When creatine is combined with caffeine and other ergogenic aids, COMT status determines your tolerance window. If you’re a fast metabolizer, you might need additional stimulation to feel energized for training. If you’re a slow metabolizer, standard pre-workout protocols leave you anxious and unable to focus. Either way, you’re not getting the best performance from your supplement stack because it’s not optimized for your catecholamine metabolism.

SOD2 (superoxide dismutase 2) is the master antioxidant enzyme in your mitochondria. During intense training, your muscles generate reactive oxygen species (ROS) as a byproduct of energy production. Moderate ROS exposure triggers beneficial adaptations: better mitochondrial function, improved insulin sensitivity, stronger muscle fibers. But excessive ROS without adequate antioxidant defense causes mitochondrial damage, accelerated muscle fatigue, and impaired recovery.

The SOD2 Ala16Val variant affects how efficiently your mitochondria produce SOD2. The Val/Val genotype is associated with lower SOD2 expression, meaning roughly 20-30% of people have reduced antioxidant capacity in their mitochondria. These individuals generate more oxidative stress during intense training and have less enzymatic defense to neutralize it. When you add creatine supplementation on top of intense training, you’re increasing metabolic demand and ATP turnover, which amplifies ROS production even further. Without adequate SOD2 to contain it, oxidative stress accumulates, your mitochondria become damaged, and your body signals exhaustion and fatigue.

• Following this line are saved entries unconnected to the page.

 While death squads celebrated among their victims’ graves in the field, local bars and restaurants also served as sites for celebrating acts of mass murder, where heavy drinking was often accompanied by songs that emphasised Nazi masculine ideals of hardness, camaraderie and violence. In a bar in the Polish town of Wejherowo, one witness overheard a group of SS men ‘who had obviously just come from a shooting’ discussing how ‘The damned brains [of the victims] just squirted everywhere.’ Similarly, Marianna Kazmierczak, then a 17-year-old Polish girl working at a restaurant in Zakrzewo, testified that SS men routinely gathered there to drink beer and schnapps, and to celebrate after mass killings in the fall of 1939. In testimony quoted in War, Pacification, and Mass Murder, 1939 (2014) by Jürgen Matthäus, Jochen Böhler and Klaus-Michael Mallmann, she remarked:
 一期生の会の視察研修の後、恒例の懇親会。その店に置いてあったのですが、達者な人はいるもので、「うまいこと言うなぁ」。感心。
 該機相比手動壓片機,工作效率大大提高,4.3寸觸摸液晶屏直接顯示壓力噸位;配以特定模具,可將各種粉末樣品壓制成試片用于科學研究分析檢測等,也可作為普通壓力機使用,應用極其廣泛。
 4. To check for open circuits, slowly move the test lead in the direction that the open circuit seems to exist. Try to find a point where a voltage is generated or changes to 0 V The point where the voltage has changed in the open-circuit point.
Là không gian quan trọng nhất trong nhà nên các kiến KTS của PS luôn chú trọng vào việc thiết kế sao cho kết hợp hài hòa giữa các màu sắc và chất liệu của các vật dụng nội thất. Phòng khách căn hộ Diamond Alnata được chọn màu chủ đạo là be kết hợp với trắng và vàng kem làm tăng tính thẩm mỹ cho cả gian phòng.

You experience this as: excessive fatigue or soreness after creatine loading. Difficulty recovering between hard sessions even though you’re sleeping enough. Muscle soreness that worsens rather than improves with continued training. A sense that your body is breaking down faster than it’s adapting. Standard recovery protocols (sleep, protein, carbs) don’t fix it because the problem is mitochondrial oxidative damage, not insufficient calories or rest.

BCMO1 (beta-carotene monooxygenase 1) is the enzyme that converts dietary beta-carotene (the orange pigment in carrots, sweet potatoes, and leafy greens) into retinol, the active form of vitamin A. Retinol is essential for muscle protein synthesis. It regulates gene expression in muscle fibers, controls the retinoic acid signaling pathways that govern muscle growth, and supports the immune system’s recovery response after training stress.

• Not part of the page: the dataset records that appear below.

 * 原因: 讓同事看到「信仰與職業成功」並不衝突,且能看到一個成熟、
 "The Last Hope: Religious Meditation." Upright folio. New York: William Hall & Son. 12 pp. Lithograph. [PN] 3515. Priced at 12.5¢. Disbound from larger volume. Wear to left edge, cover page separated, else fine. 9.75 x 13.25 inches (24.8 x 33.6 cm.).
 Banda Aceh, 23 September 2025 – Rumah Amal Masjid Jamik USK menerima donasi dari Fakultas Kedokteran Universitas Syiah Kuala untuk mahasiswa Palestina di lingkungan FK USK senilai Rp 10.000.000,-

The BCMO1 R267S and A379V variants reduce the enzyme’s efficiency. Approximately 45% of people carry at least one variant allele. These individuals convert plant-based beta-carotene into retinol at a rate 50-90% slower than people with normal BCMO1 function. This means your cells are retinol-depleted even if you eat plenty of orange vegetables. Your body cannot mount the full muscle-building response to training because the molecular signals for muscle protein synthesis are blunted.

Combine this with creatine supplementation, and the problem compounds. Creatine amplifies your training stimulus and increases the demand for muscle protein synthesis. If your vitamin A status is low due to poor BCMO1 function, your muscles cannot fully respond to that stimulus. You take creatine to amplify gains, but your biological capacity to actually build muscle is constrained by retinol deficiency. The result is plateau: your training intensity increases, creatine is present, but muscle growth lags.